The makings of Beenux (Bee for Linux)
Gerardo Richarte
This is an experience report on my somehow successful attempts to port Bee from Windows to Linux. I've followed some paths I've backtracked, and took some shortcuts with a clear direction. Taking an incremental constructive approach, the first milestone was gone and the next will be done probably at the time of the talk. The rest will probably be left as an exercise for the future .

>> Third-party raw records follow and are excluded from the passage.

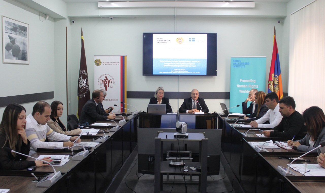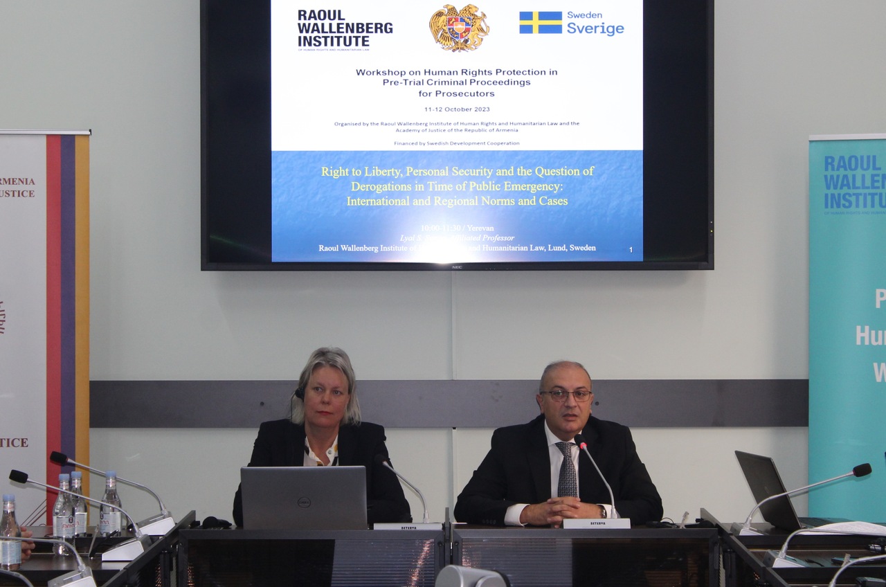 Հոկտեմբերի 11-12-ը Արդարադատության ակադեմիայում անցկացվեց աշխատաժողով՝ «Մարդու իրավունքների պաշտպանությունը մինչդատական քրեական վարույթի ընթացքում» թեմայով: Աշխատաժողովը կազմակերպել էր Ակադեմիան՝ Ռաուլ Վալլենբերգի անվան մարդու իրավունքների և մարդասիրական իրավունքի ինստիտուտի հետ համատեղ: Մասնակցում էին դատախազի և քննիչի թեկնածուները: Աշխատաժողովը վարում էին միջազգային և ազգային փորձագետներ Լյալ Ս. Սունգան և Արսեն Նիկողոսյանը: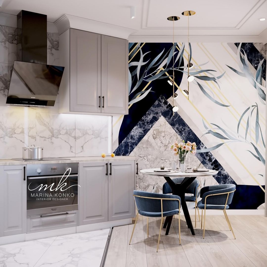 Грамотное зонирование кухни с обоями «Exquisito»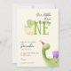 Convide convidados para o seu grande dia com nossos encantadores convites de Dino Primeiro Aniversário! Esta design deliciosa mostra um adorável dinossauro bebê eclodindo de um ovo, aliado a um dino alegre vestindo um chapéu de festa e segurando um presente. As palavras "Our Little Dino is Turning ONE" são exibidas com brincadeira, com um grande "ONE" verde como peça central. Abaixo, um roteiro elegante anuncia a celebração em uma fonte caprichosa. Contra um fundo de creme suave, este convite captura a alegria de uma celebração pré-histórica!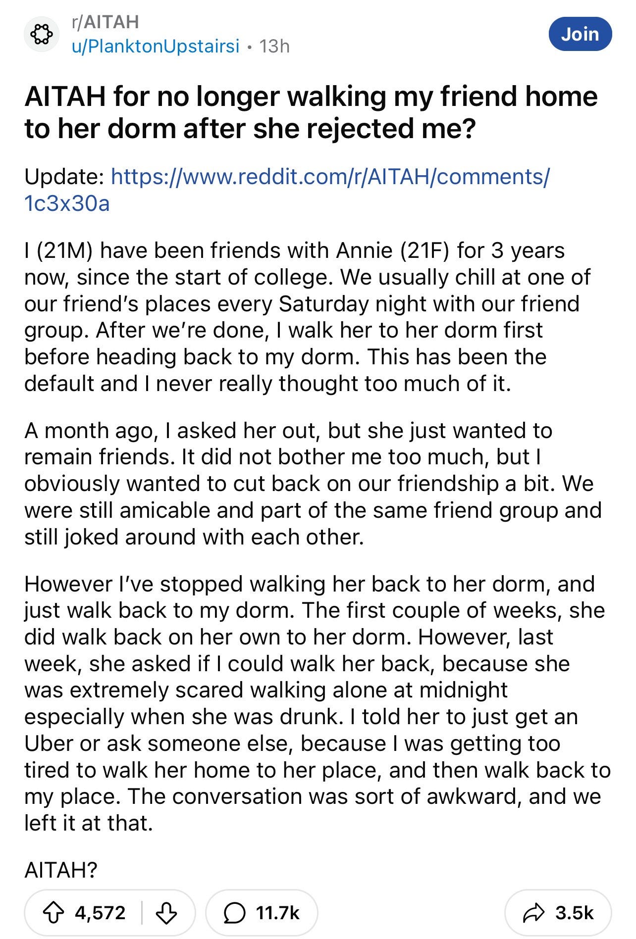 “AITAH for no longer walking my friend home to her dorm after she rejected me?”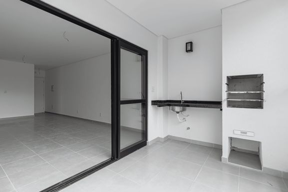 Varanda gourmet com churrasqueira a carvão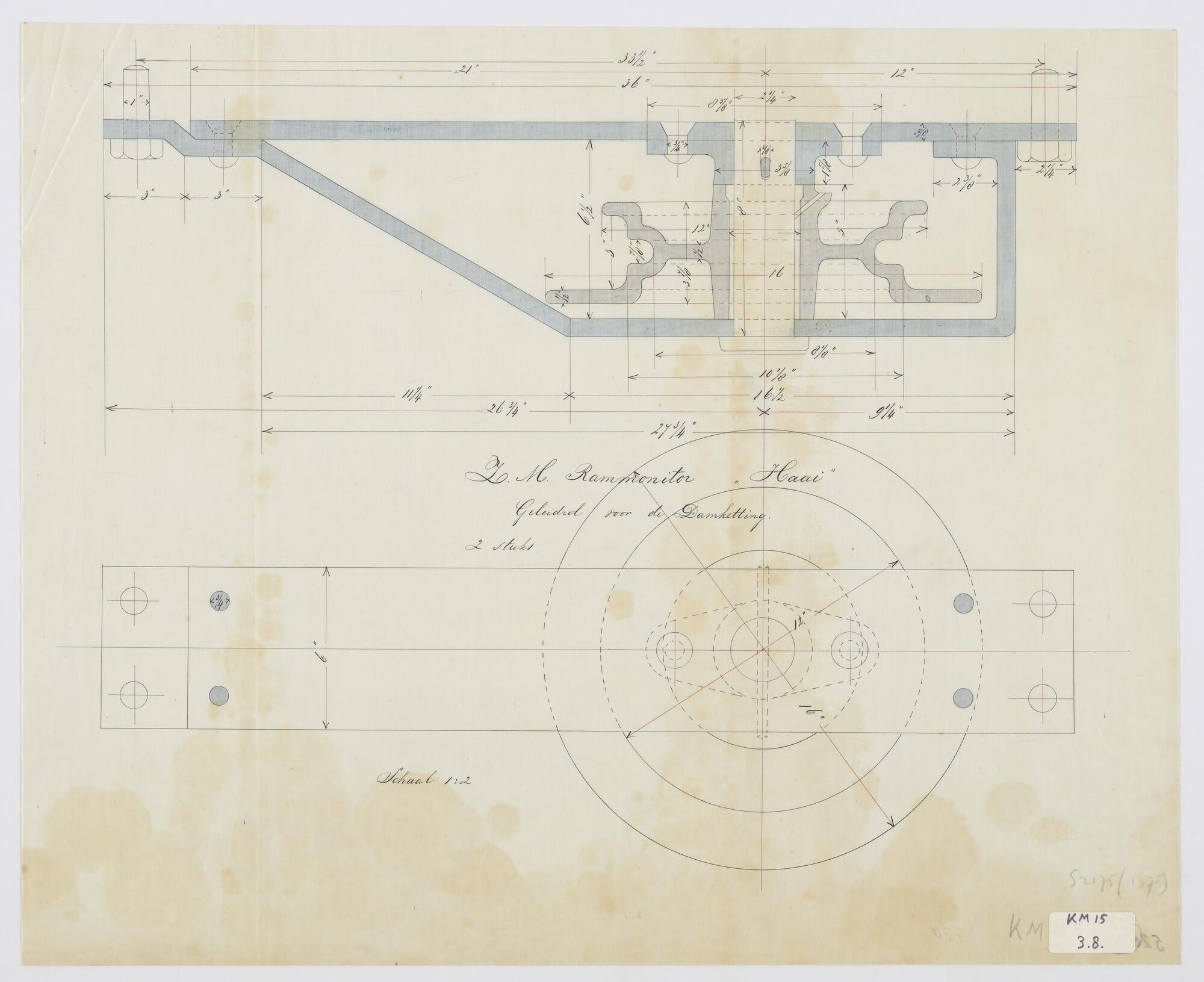 De geleidrol voor de damketting als onderdeel van het roer van de rammonitor 2de klasse Zr.Ms. Haai (schaal 1:2).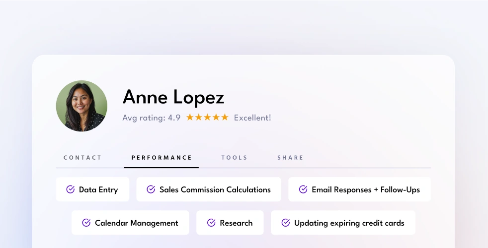 Adjust as demands shift – bring on more help, change assistants, or cut back anytime without a hassle.

Thin locks: featherweight synchronization also for Smalltalk
Jan Vrany
Traditional and still prevalent concurrency model is based on threads and shared mutable state. Smalltalk is no different in that respect, having processes that can run concurrently virtually "ever since". The traditional solution to prevent race condition is to use locks for synchronization. Many actions must be properly synchronized, even the simplest things like a Transcript or an access to a method source code. In this presentation I will talk about motivation, use and actual implementation of thinlocks - a fast locking mechanism invented for Java - in scope of Smalltalk.